Directions
Skip the pictures and restate, word for word, the lines from the one containing "Cualquier aplicación oculta" to the end of the data below.

Collected data

┄┄┄┄┄┄

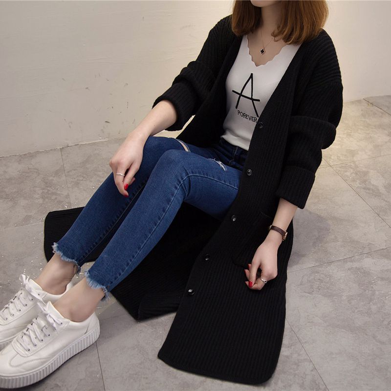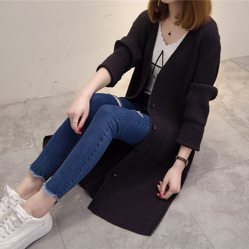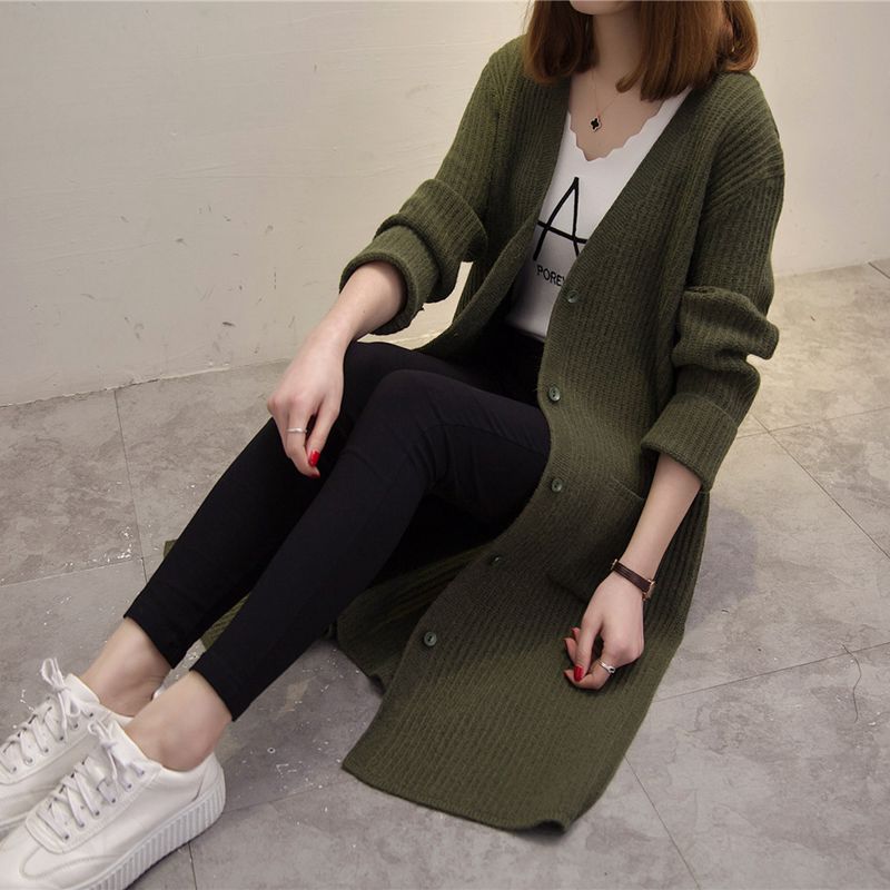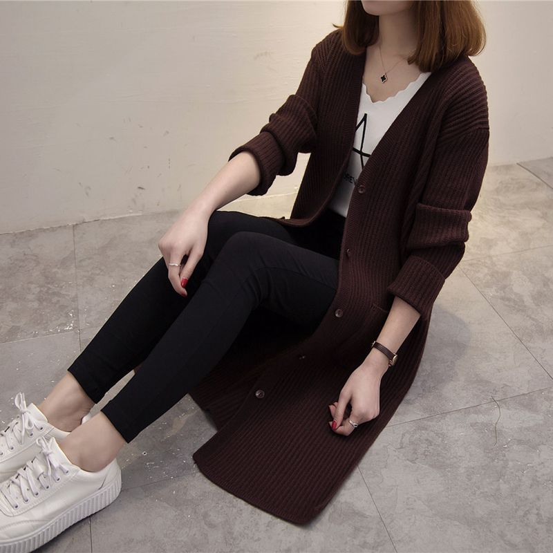 / 女裝冬裝新款潮韓版純色開衫毛衣針織衫女秋冬中長款長袖外套
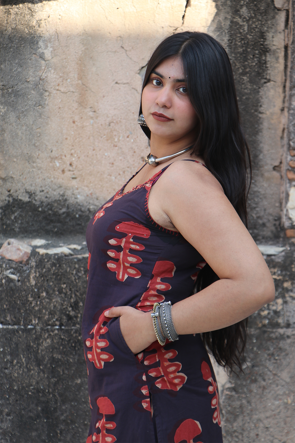 This indigo cotton suit set stands out with its unique mushroom motifs, crafted on soft, breathable cotton that feels easy and comfortable through the day. The camisole-style kurta features delicate sequin detailing along the neckline, adding a subtle touch of highlight to the contemporary silhouette. Its straight-cut design offers a relaxed, flattering fit that pairs beautifully with the coordinated cotton pants.
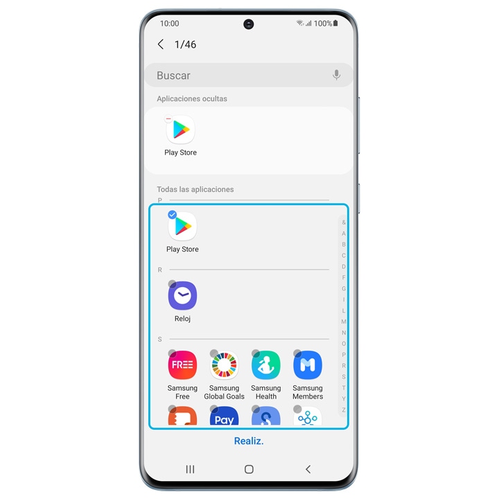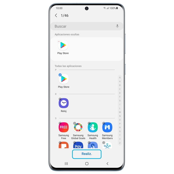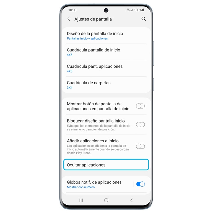 Cualquier aplicación oculta aparecerá en la pantalla de tus aplicaciónes.
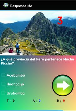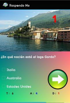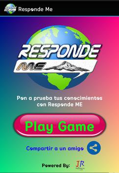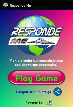 Responde Me, Desarrollado por JRSoftware, te reta a responder a cada una de las preguntas geográficas, las cuales incluyen: Ríos, Lagos, Océanos, Monumentos, Idiomas, Historias, Banderas, mapas, etc; cada pregunta tiene un tiempo limite de 12 segundos para responder, si en ese tiempo no respondes se calificara tal pregunta como (Fallida), a parte de el tiempo limite dispone también de una barra la cual ira disminuyendo a medida que pase el tiempo sin responder, una vez que la barra de vida se haya agotado habrás perdido la partida.

┄┄┄┄┄┄

Answer
 Cualquier aplicación oculta aparecerá en la pantalla de tus aplicaciónes.
 Responde Me, Desarrollado por JRSoftware, te reta a responder a cada una de las preguntas geográficas, las cuales incluyen: Ríos, Lagos, Océanos, Monumentos, Idiomas, Historias, Banderas, mapas, etc; cada pregunta tiene un tiempo limite de 12 segundos para responder, si en ese tiempo no respondes se calificara tal pregunta como (Fallida), a parte de el tiempo limite dispone también de una barra la cual ira disminuyendo a medida que pase el tiempo sin responder, una vez que la barra de vida se haya agotado habrás perdido la partida.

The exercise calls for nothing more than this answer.